One of the provisions in H.R. 37 would extend the deadline for selling off this kind of financial instrument for an additional two years. I don’t think giving banks two more years to sell off these assets undermines the Volcker Rule or Dodd-Frank. In fact, I think giving banks more time to get these assets off their balance sheets reduces the risk that banks are forced to dump these assets in a fire sale. Forcing small and medium-sized banks to sell off these financial products no matter the price could cause real harm to their balance sheets, sharply limiting the ability of families and businesses to borrow money and creating significant financial instability.
That same concern is what drove financial regulators to fully extend the deadline for banks to sell off CLOs for three years, the maximum allowed under current law. It seems reasonable to me that an additional two-year extension will help reduce the uncertainty associated with this rule.
So why the controversy? The fact is this is a bill that is, substantively, similar to a bill that was backed by most Republicans and Democrats just four months ago. Some Democrats opposed H.R. 37 because it was brought up in an expedited manner early in the new Congress.

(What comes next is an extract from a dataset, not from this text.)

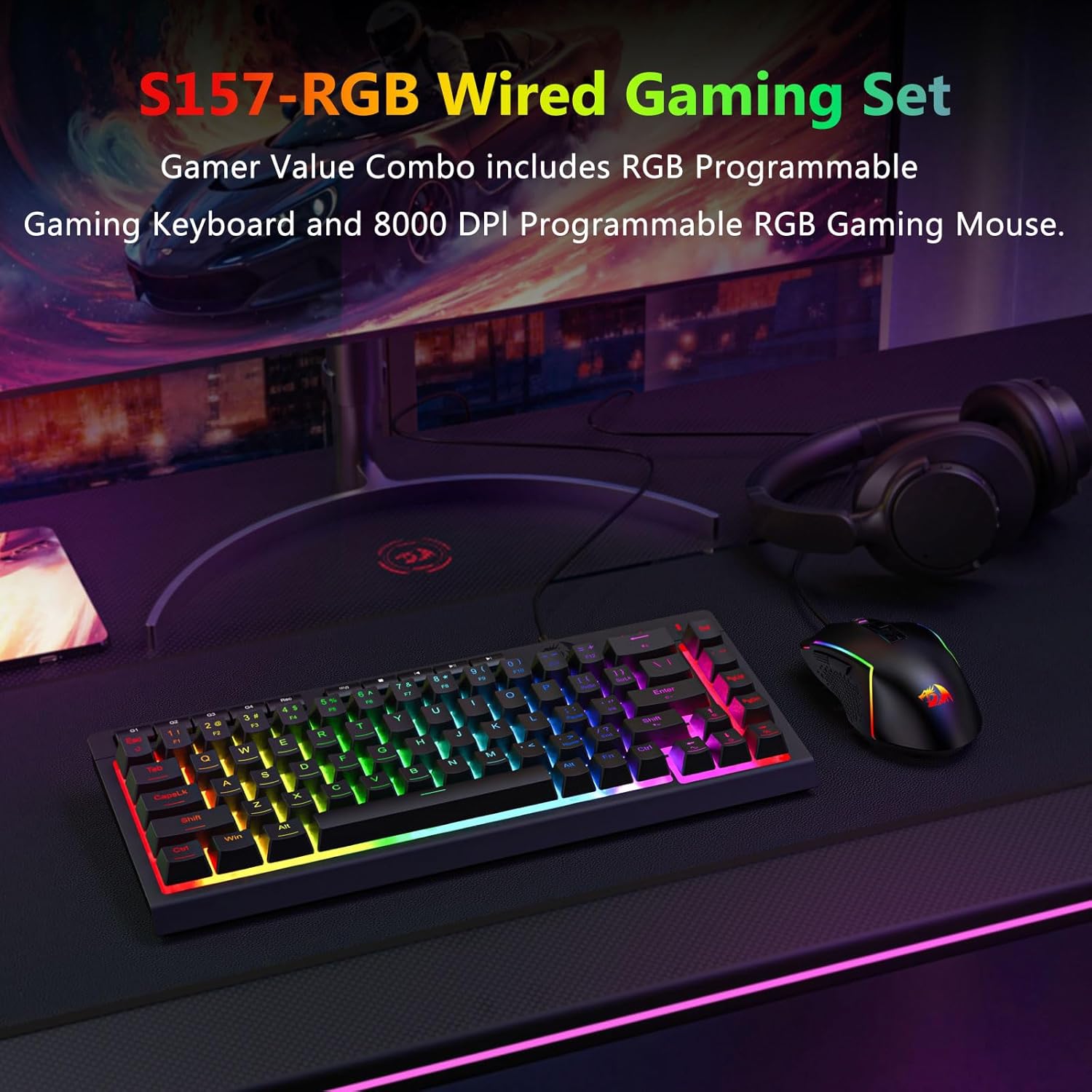 Black S157 RGB bakgrunnsbelyst kablet spilltastatur og mus-kombinasjon gir konsistent ytelse på tvers av ulike scenarier. Tastaturet støtter nøyaktige tastetrykk, mens musen gir pålitelig sporing for navigasjon og spilling.

In addition, though, I sense that there is frustration by many of my colleagues at the refusal of the majority party in the Congress to do more to address Wall Street abuses and reign in economic inequality. I share that frustration but disagree that opposing this reasonable legislation is the right way to signal that frustration. As someone who supports Dodd-Frank, I fear we undermine common-sense regulation and fuel those who want to repeal the whole thing if we treat this law as something written on stone tablets.
The House considered H.R. 37 on January 7, 2014 under an expedited process that required support from 2/3rds of voting members for passage. The bill came short of this mark and failed 276-146. It was considered again under regular order on January 14, 2014 and passed in the House with my support by a vote of 271-154 and is now pending in the Senate.
As the federal regulators work to fully implement all the provisions of the Dodd-Frank Act, I will continue to closely monitor this issue and keep your thoughts in mind as Congress furthers the debate on how to best protect our nation from another financial crisis. Thank you for reaching out. It is an honor to serve as your representative.
Sincerely,
Derek Kilmer
Member of Congress
Thanks for posting Rep. Kilmer’s response. I would guess he got those talking points from the bank lobby, but they are on point. But I find the argument that small community banks own CLOs to be surprising. Why would a bank that issues its own loans, knows the credit history of the borrower and the value history of pledged collateral, choose to purchase CLOs that it knows very little about? Makes no sense to me, but maybe its true. My guess is that CLOs make up a vanishingly small portion of your average community bank’s portfolio. Yves?